Pour une écosophie
Illustration, billet citoyen pour une écosophie

Pour une écologie responsable

L’écologie doit devenir une écosophie[1]

Autrement dit, la conviction écologique doit opérer sa mue en passant de la posture intellectuelle à l’art de vivre. L’urgence climatique nécessite la mise en branle d’une véritable révolution copernicienne conceptuelle de notre rapport au monde. Nous devons substituer aux valeurs anthropocentristes surannées et archaïques, l’humilité de notre dépendance à notre écosystème constitutif d’un tout dont nous ne sommes qu’une simple composante.

C’est pourquoi il est aujourd’hui nécessaire de penser, de construire et de pratiquer une écologie responsable et raisonnée. Sensibiliser les citoyens c’est bien, responsabiliser les entreprises c’est mieux. Les entreprises et la consommation sont les principaux pourvoyeur du dérèglement climatique. Pour ce faire nos habitudes de consommation doivent s’adapter au nouveau paradigme écologique auquel nous sommes confrontés aujourd’hui. Il est donc de la responsabilité des puissances économiques d’être la pointe de diamant des changements de demain par l’innovation et la mise sur le marché de biens de consommation écologiquement alternatifs, viables et pérennes. Il n’est pas du ressort du consommateur d’endosser la culpabilité des produits qu’il achète mais aux entreprises et aux Etats en raison des pouvoirs de suggestion, de régulation et de production qu’ils possèdent, d’assumer l’impact écologique et moral des produits diffusés sur le marché.

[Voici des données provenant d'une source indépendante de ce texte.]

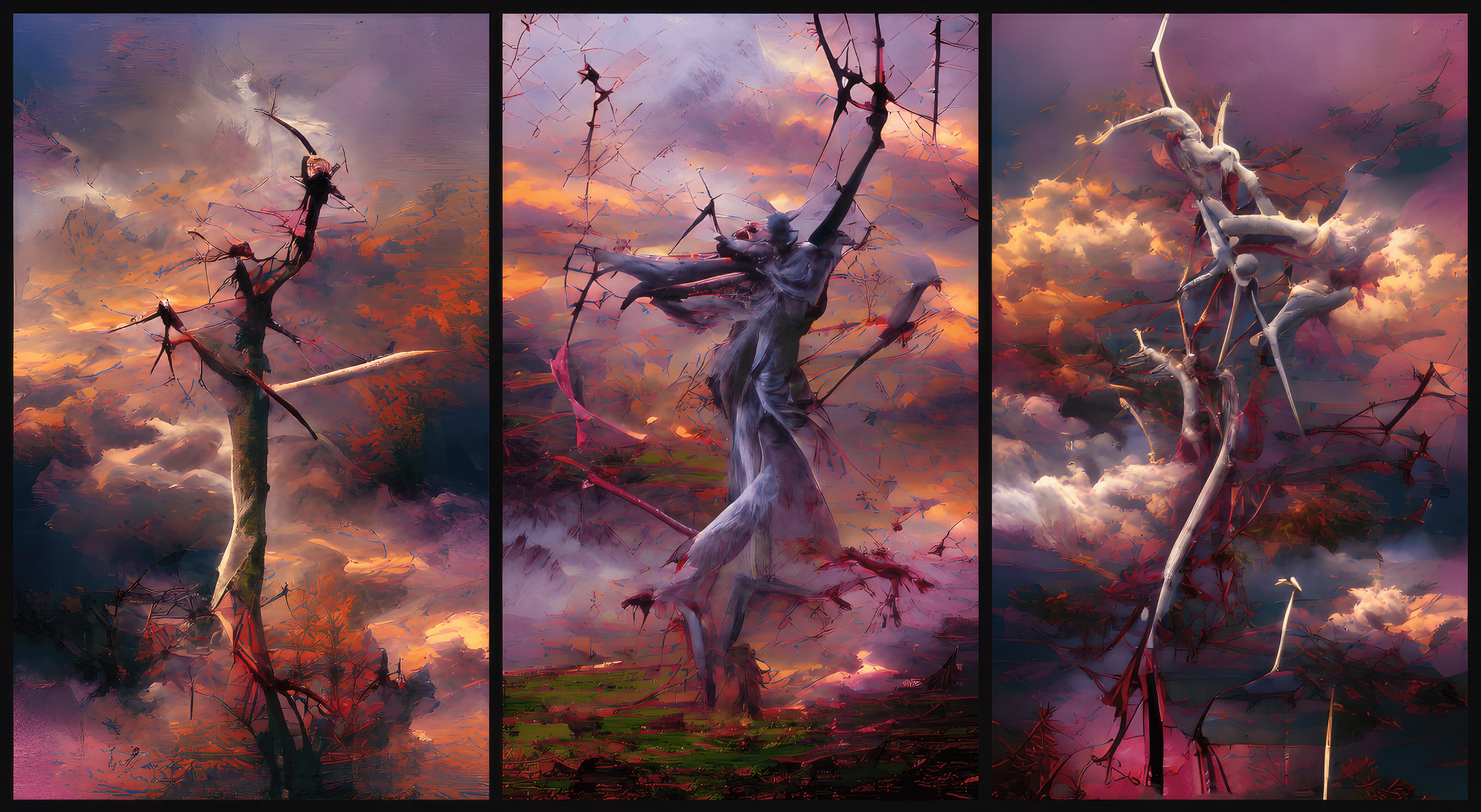 The triptych “Dead Branches …” is a complex emotional story that explores human nature, as well as our position in the world, building the narrative on the emphasized contrast between the pursuit of knowledge, destructive power and creative suffering.

Détruisez les sources de tentation aux vices et vous deviendrez vertueux.

Pistes de réflexion :

Augmentation de notre taux de recyclage des déchets : taux de recyclage en France = 35% (2014) ; Taux de recyclage en Allemagne = 64% (2014)
Crédit d’impôt écologique : distribué aux entreprises écologiquement innovantes et vertueuses.

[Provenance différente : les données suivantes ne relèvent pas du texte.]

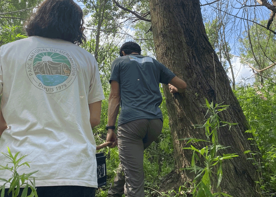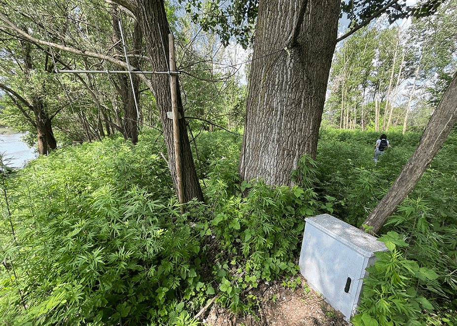 Carlo and Flavia pull the flat-bottomed boat to the river’s edge and tie it to a log. They carry the outboard engine from the vehicle to the shore. Besides replacing the batteries in the four fixed stations used to monitor tagged Wels catfish, boat tracking with a portable receiver and antenna is carried out. Both operations are performed weekly. The portable device/antenna provides finer localization by allowing triangulation of tag positions. Discussion turns to the tagged fish: some may have moved downstream below the dam, others could have died or been caught. One individual, tagged at 90 cm the previous year, is now likely over a meter. If it is still there, it means that for fish of that size, the dam’s fish ladder doesn’t work (Flavia says “fortunately”).

Agriculture biologique : augmenter les surfaces agricoles biologiques.
Interdiction définitive du Glyphosate : Fortes suspicions d’être un cancérogène impactant une large partie de la population mondiale. Cependant le Glyphosate peut être métaphoriquement considéré comme l’arbre qui cache la forêt puisqu’il représente une partie marginale des produits phytosanitaires aujourd’hui utilisés dans l’agriculture conventionnelle. Ainsi, 80 % de l’ensemble des produits en usage qui sont à base de souffre ne font pour le moment l’objet d’aucune médiatisation et d’aucune concertation politique.
Taxer les produits des entreprises polluantes : surtaxer les produits des entreprises polluantes. Versement de l’intégralité des recettes issues de la taxe au développement et au soutien économique des produits alternatifs écologiquement viables.
Prime à l’achat sur les produits reconditionnés : octroie de primes pour l’achat de produits technologiques reconditionnés.
Durcissement du marché des quotas d’émission (droit d’émissions) : retirer des titres de droit à polluer sur le marché des quotas d’émission afin de créer une inflation systémique du prix des droits à polluer.
⦁ Consigne en verre obligatoire : réintroduire la consigne dans les surfaces de vente de produits alimentaires.

 

A.M.M

 

[1] Ecosophie : Concept théorisé par le philosophe Arne Næss qui invite au renversement de la doctrine anthropocentriste.